Feb 28 '24 22:02 github-actions[bot]

Looking at this PR, we would be moving the logic of the publishing from the configuration to the pipeline. I'm quite happy with that, but:

I know some people like publishing being a property of configuration (not convinced myself).
Could this solution be part of the emit block to create one place for outputs?
Could a .publish() operator to achieve the same thing but with a simpler syntax?

Mar 05 '24 12:03 adamrtalbot

OK I've read this comment which has made it more clear.

We add a second structure to Nextflow, the output block, which includes the definitions about what should be published where. This falls outside of processes and workflows which makes it more flexible. The original idea was to use topics but that was imprecise so process selectors are being used instead.

Taking a look again, I think the general idea is sound but I'm not sold on the syntax. I tried to rewrite it the other way around but ended up just re-inventing publishDir but worse 😆

output {
    select: [
        '.*:QUANTIFY_STAR_SALMON:SALMON_QUANT',
        '.*:QUANTIFY_STAR_SALMON:CUSTOM_TX2GENE',
        '.*:QUANTIFY_STAR_SALMON:TXIMETA_TXIMPORT',
        '.*:QUANTIFY_STAR_SALMON:SE_.*'
    ], path: "${params.outdir}/${params.aligner}", mode: params.publish_dir_mode
    select: 'NFCORE_RNASEQ:RNASEQ:SAMTOOLS_SORT'            , pattern: '*.bam', path: "${params.outdir}/${params.aligner}"              , enabled: { params.save_align_intermeds || params.save_umi_intermeds }
    select: 'NFCORE_RNASEQ:RNASEQ:UMITOOLS_PREPAREFORSALMON', pattern: '*.log', path: "${params.outdir}/${params.aligner}/umitools/logs", enabled: { params.save_align_intermeds || params.save_umi_intermeds }
    select: 'NFCORE_RNASEQ:RNASEQ:UMITOOLS_PREPAREFORSALMON', pattern: '*.bam', path: "${params.outdir}/${params.aligner}"              , enabled: { params.save_align_intermeds || params.save_umi_intermeds }
}

Mar 05 '24 14:03 adamrtalbot

@adamrtalbot check out the rnaseq PR that I linked above, it is less verbose than what you did. The syntax has evolved somewhat since Paolo's original proposal. Even so, the workflow outputs for rnaseq will be complicated no matter how you slice it.
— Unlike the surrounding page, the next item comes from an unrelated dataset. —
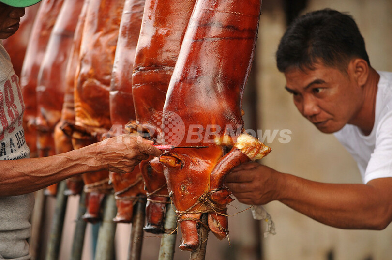 ニュース ライフ フィリピンのXマスには欠かせない、ブタの丸焼き「レチョン」 2010年12月24日 11:44 発信地:マニラ/フィリピン [ アジア・オセアニア フィリピン ] このニュースをシェア ‹ › ❮ 14/18 ❯ フィリピンの首都マニラ(Manila)市内の商店に並んだブタの丸焼き「レチョン(Lechon)」。レチョンは、クリスマスや新年など、フィリピンの祭事には欠かせない定番の料理となっている。(2010年12月23日撮影)(c)AFP/NOEL CELIS 画像作成中 ! 【12月24日 AFP】フィリピンの祭事で定番の料理、ブタの丸焼き「レチョン(Lechon)」。(c)AFP ライフ 一覧へ> メディア・報道関係・法人の方向け 写真・動画 購入のお問合せ>

Mar 05 '24 21:03 bentsherman

Liking this. If we really need the output block (rather than doing something with emit), this is a nice readable way of doing it.

Apr 04 '24 09:04 pinin4fjords

This is beginning to look great. All the publishing logic is in one location, easy to review and understand where it's coming from. There are two downsides to this approach:

You need to track back to the channel to find what's in there, which could be a little tricky.
It's quite verbose (there's a lot of text in one place). But then I would prefer explicit and verbose to implicit and concise.

Apr 04 '24 10:04 adamrtalbot

This is beginning to look great. All the publishing logic is in one location, easy to review and understand where it's coming from. There are two downsides to this approach:
1. You need to track back to the channel to find what's in there, which could be a little tricky.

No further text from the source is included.